Le maggiori minacce sono nel rincaro delle materie prime e dei trasporti, seguiti dai costi del personale. Tre voci che, una volta sommate, incidono per oltre l’80% sulla formazione del prezzo finale. Si notano anche, come elementi condizionanti, la polverizzazione dei fornitori e la concorrenza dell’e-commerce.  Siti, spesso globalizzati, mettono in atto una politica di forte convenienza, che si somma a un elevato contenuto di servizio: consegna a domicilio, spesso gratuita, diritto di reso, call center o chat costantemente a disposizione del consumatore ecc. E questo non è vero soltanto per il non alimentare: lo prova il recente ingresso di Amazon nella vendita on line di ortofrutta che, cominciata negli Stati Uniti, dovrebbe presto dilagare in altre nazioni. La risposta di Wal-Mart è stata di estendere anche al fresco la garanzia “soddisfatti o rimborsati”.

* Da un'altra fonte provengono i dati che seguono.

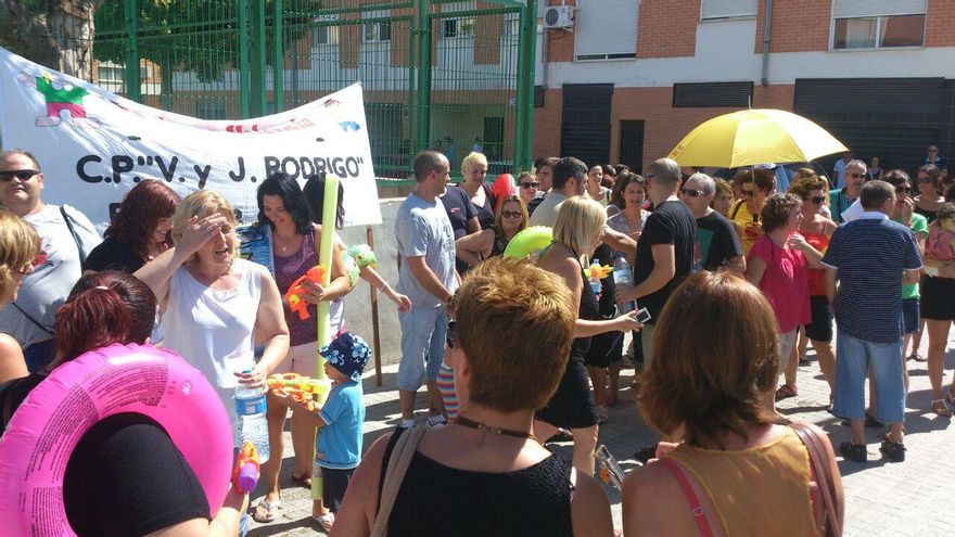 Una situación similar se ha vivido en el colegio Victoria y Joaquín Rodrigo del Puerto de Sagunto (Valencia), donde padres, alumnos y profesores se concentraban a la salida de los niños del centro para protestar y 'mojarse', literalmente, contra las altas temperaturas en las aulas, que han obligado a algunos profesores a trasladar las clases al patio para combatir las elevadas temperaturas, de hasta 35 grados.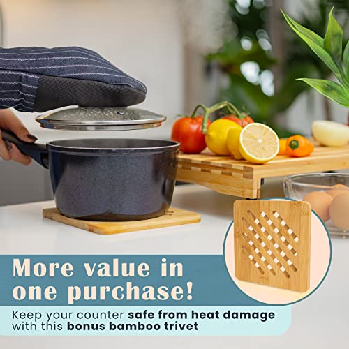 - Comes complete with a handy bamboo trivet which aids you in keeping your counter and table tops protected from unwanted damage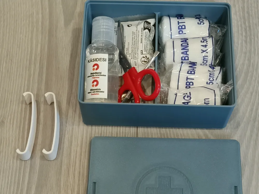 En 3D-printad kompakt första hjälpen-låda för bil, verkstad eller resor.

Come Wal-Mart il resto della gdo ha innescato una contro offensiva, sostenuta dall’aumento della popolazione mondiale e dall’aprirsi di nuovi mercati specie in Asia e in Africa. Sono stati rafforzati i livelli qualitativi e la profondità di gamma, mentre è cambiata la geografia dei fornitori, che non sono più imprese locali, ma gruppi con basi in Oriente. Il primo Paese fornitore di marchi privati è infatti la Cina, seguita però dal Canada – che rifornisce più che altro il ricco mercato nordamericano -, il Messico, l’India, il Vietnam. In sesta posizione spunta l’Italia, grazie al prestigio del nostro alimentare, seguita però di nuovo da alcuni mercati emergenti che chiudono la top ten: Hong Kong, Brasile, Cile e Indonesia.